AKP ülkeye yeni bir demokrasi modeli getirmişti. Ama bunun nasıl bir şey olduğu konusunda hiç kimsenin bilgisi yoktu.

Sonra oldu!

Muhalefete bu demokraside yer yoktu. Muhalefet de iktidarın içinde olacaktı. Gerektiğinde bu mekanizma çalışacaktı.

Herkes beklemeye başladı, önce dokunulmazlıklar kaldırıldı. İktidar istedi ana muhalefet "yes" dedi. Milletvekilleri, grup başkan vekilleri, genel başkanlar hapishanelere konuldu. Ana muhalefet partisi de bu hizmetten istifade ettirildi. Eski genel başkan yardımcısı içeri atıldı.

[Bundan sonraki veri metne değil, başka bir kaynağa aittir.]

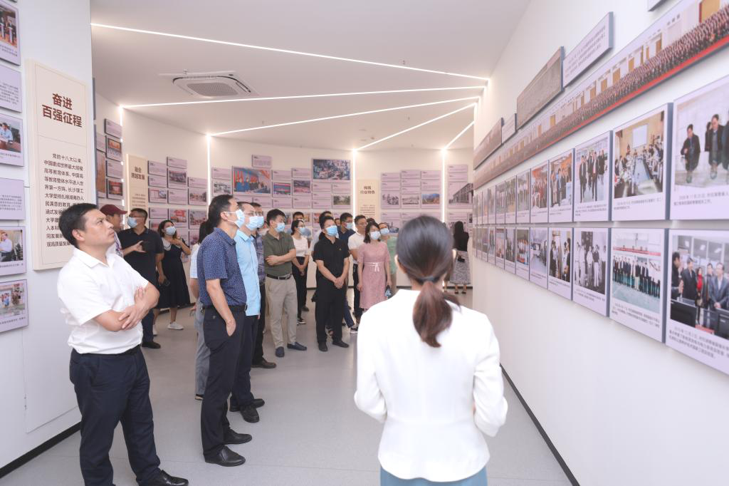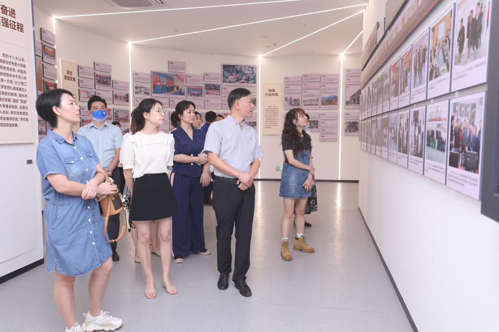 在讲解员的带领下,大家依次沿着序厅和“国之大者”“材之茂者”“师之贤者”“行之实者”四个篇章路线,全方位了解MG冰球官网与时代同发展、与人民齐奋进,始终牢记“为党育人、为国育才”初心使命所取得的丰硕育人成果。一张张照片、一件件实物、一段段视频,深刻诠释了长理教师立德树人、潜心育人的浓烈情怀和使命担当,充分彰显了长理学子奋发图强、立志成才的坚定意志和报国信念。

Diğer büyük muhalefet partisi de kendisini iktidarın şefkatli kollarına bıraktı.

En büyük yeni-muhalefet örneğini ise AKP'nin "çakılı kazıkları" (kutup yıldızı hep aynı yerinde durduğu için bu isimle anılır) büyük şehir belediye başkanları istifa ettirilerek makamlar boşaltıldı.

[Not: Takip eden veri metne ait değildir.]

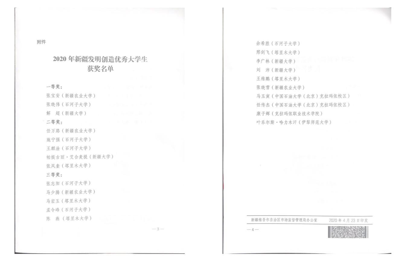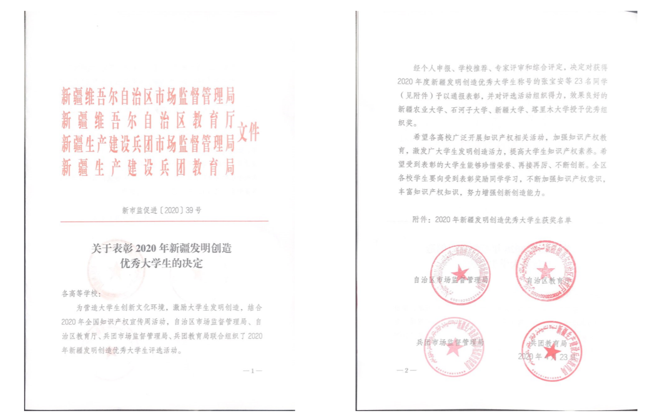 为营造大学生创新文化环境,激励大学生发明创造,结合2020年全国知识产权宣传周活动,自治区市场监督管理局、自治区教育厅、兵团市场监督管理局、兵团教育局联合组织了2020年新疆发明创造优秀大学生评选活动。经个人申报、学校推荐、专家评审和综合评定,评选出23名大学生赋予2020年度新疆发明创造优秀大学生称号,石河子大学、新疆大学、中国石油大学(北京)克拉玛依校区、克拉玛依职业技术学院、新疆农业大学、塔里木大学学子获得殊荣。我院机械工程系机制1731班康子辉同学获2020年新疆发明创造优秀大学生称号,成为唯一一名高职院校的发明创造优秀大学生。

AKP'nin her hareketini en hızlı biçimde kavrayan gazeteci şapkalı propagandacılar birliği bu gelişmeyi de anında gördüler:

-AKP özeleştiri yapıyor. Ana muhalefet partisi de örnek alsın, özeleştirisini yapsın değil mi ama?

Aslında AKP daha önce de özeleştiri yapmıştı. Partinin kuruluş aşamasında bütün yükünü çeken önemli isimleri, siyasetin dışına atmıştı. (Cemaat ile can ciğer kuzu sarması dönem için söylenenleri saymıyoruz.)

Herkes hata yapabilirdi. Parti bunu tespit eder, yetkili kurullarına -pardon en yetkili kuruluna- sorar onun önerileri doğrultusunda işlem yapardı. Bu kuruluş tek kişiden oluşması "yeni demokrasinin"olmazsa olmaz kuralıydı.

Tek kişinin "seçilmiş" bir kişi olması onu haliyle ayrıcalıklı kılıyordu. Bunu da kabul etmek lazımdı.

Yönetim sanatı esneklik gerektiriyor. Yönetmen bazen Kars'a gidebilir, bazen de Mars'a... Bunun nedenlerini anlamak için kırk fırın ekmek yemek lazım. Ama sağlıklı beslenme diye ekmeği besin zincirinden çıkartanların bunu anlaması elbette mümkün değil. Tahıla dayalı beslenmenin yönetim acısından inkar edilmez kolaylıkları vardır. Kitleleri ikna etmek kolaylaşıyor. Ayrıca kitleleri ikna etmek kişileri ikna etmekten daha kolaydır. Meclislerde geceler boyu süren anlamsız tartışmalar yerine, kitlelere gidip anlatmak ve onay almak yeni demokrasi modelinin harikulade bir uygulamasıydı.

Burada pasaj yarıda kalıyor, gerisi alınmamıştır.